═════ Provided material

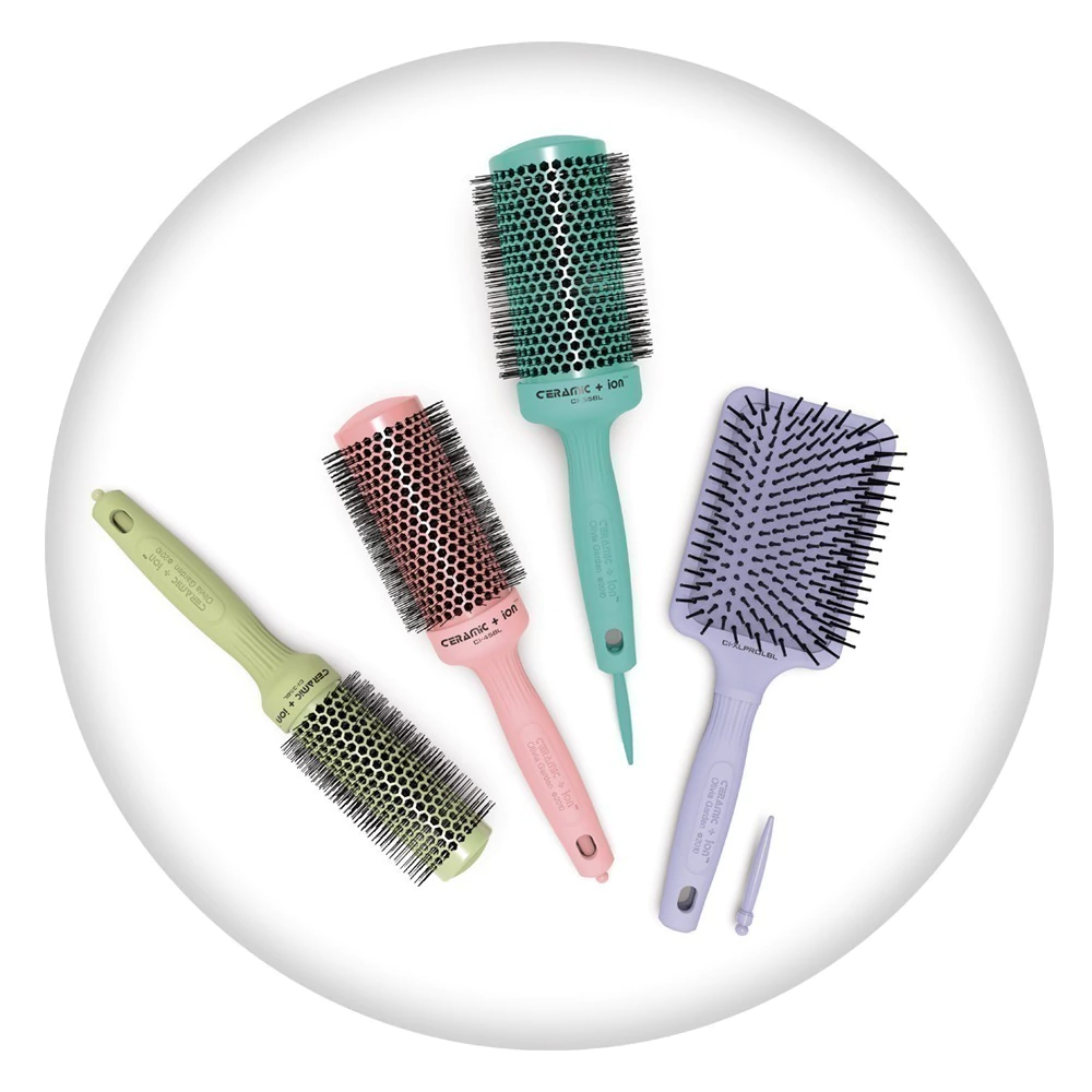 Cilindro recubierto de cerámica. Tecnología de iones de turmalina. Diseño único patentado. Selección de seccionamiento retráctil. Se calienta más rápido y retiene el calor por más tiempo. Cerdas de punta blanda. Suave para el cabello y el cuero cabelludo. Anti estático. Cuerpo 100% sin costuras. Absolutamente libre de enganches. Agarre ergonómico y cómodo.
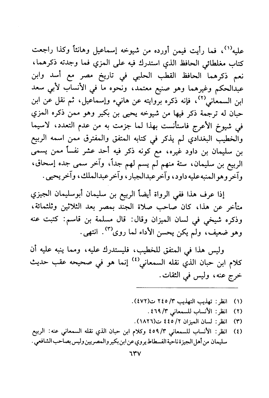وليس هذا في المتفق للخطيب، فليستدرك عليه، ومما ينبه عليه أن كلام ابن حبان الذي نقله السمعاني إنما هو في صحيحه عقب حديث خرج عنه، وليس في الثقات.
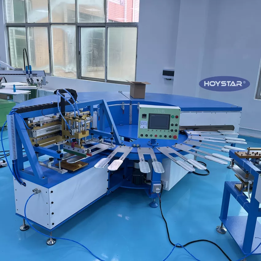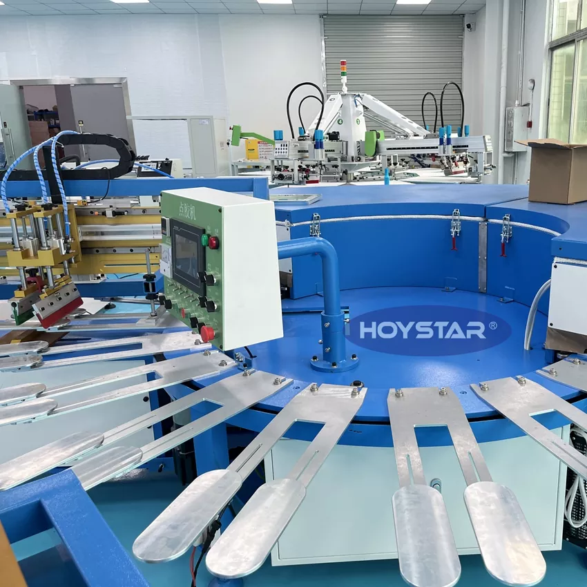 HOYSTAR є надійним виробником і постачальником у Китаї; Ця машина для трафаретного друку протиковзких шкарпеток HOYSTAR High Rapid розроблена для застосування в текстильній трикотажній промисловості. Зі швидкістю до 800-1000 пар/год він підходить для друку нековзких шкарпеток, дитячих шкарпеток, дорослих шкарпеток, футбольних шкарпеток тощо. Оснащений поворотним робочим столом, дуже зручно завантажувати та розвантажувати шкарпетки. Управління сенсорним екраном PLC, дуже просте в експлуатації. Машина, оснащена системою сушіння, може добре висушити кремній і чорнило.
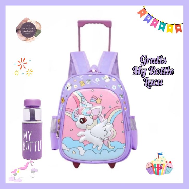 Tas Troli Anak Perempuan Motif Un1qorn Pelang1 Wrn1 Gratis Botol Minum Lucu Untuk Tk Paud Dan Sd
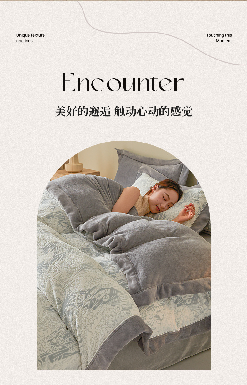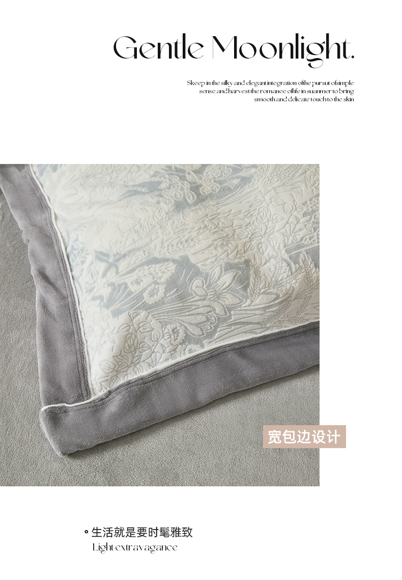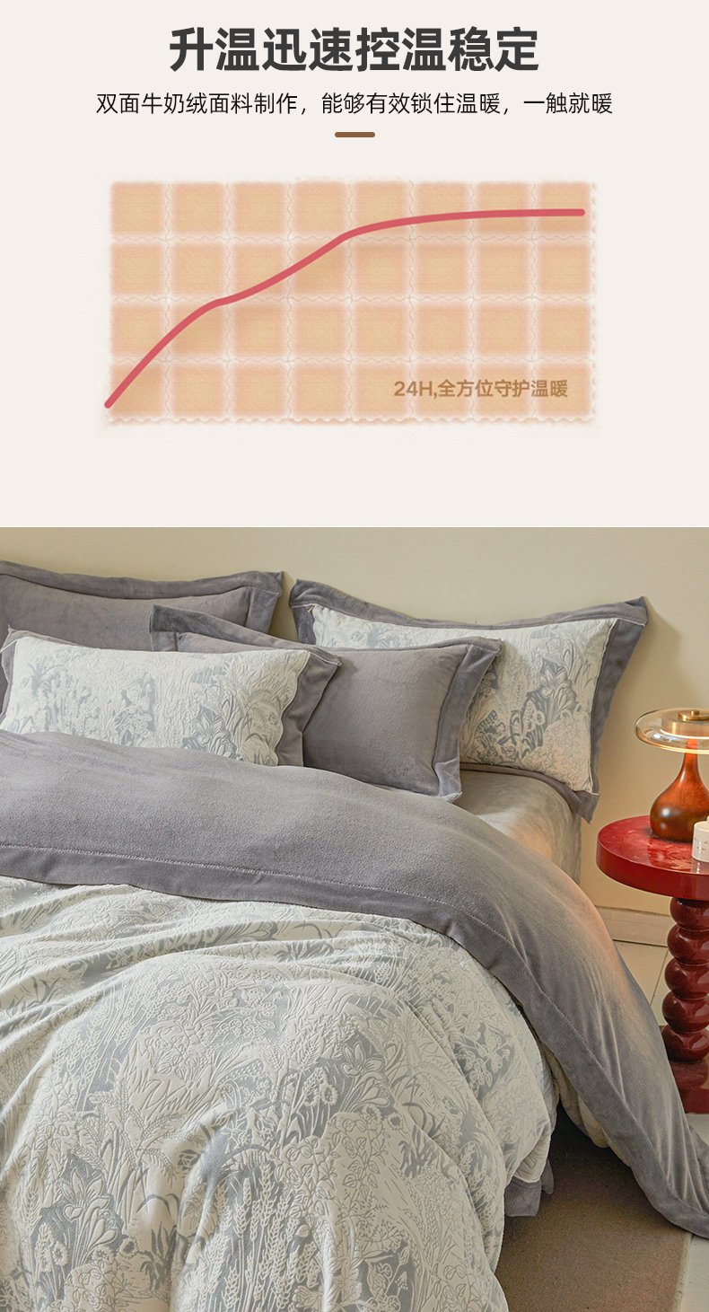 商品名称:全季家居 2024新款A类高克重5D立体浮雕宽边牛奶绒加厚保暖被套单件 海棠花开-灰
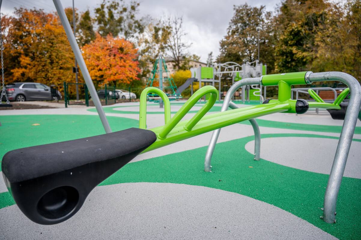 Atnaujintame parke įrengta moderni sporto ir laisvalaikio infrastruktūra: nauji suoliukai, tinklinio aikštelė su smėliu bei futbolo zona.

══════════

Activity ->
Your answer must be the lines from the opening line of the entries through the line holding "وليس هذا في", written out exactly and without any picture.

Solution for this exercise ->
 Cilindro recubierto de cerámica. Tecnología de iones de turmalina. Diseño único patentado. Selección de seccionamiento retráctil. Se calienta más rápido y retiene el calor por más tiempo. Cerdas de punta blanda. Suave para el cabello y el cuero cabelludo. Anti estático. Cuerpo 100% sin costuras. Absolutamente libre de enganches. Agarre ergonómico y cómodo.
وليس هذا في المتفق للخطيب، فليستدرك عليه، ومما ينبه عليه أن كلام ابن حبان الذي نقله السمعاني إنما هو في صحيحه عقب حديث خرج عنه، وليس في الثقات.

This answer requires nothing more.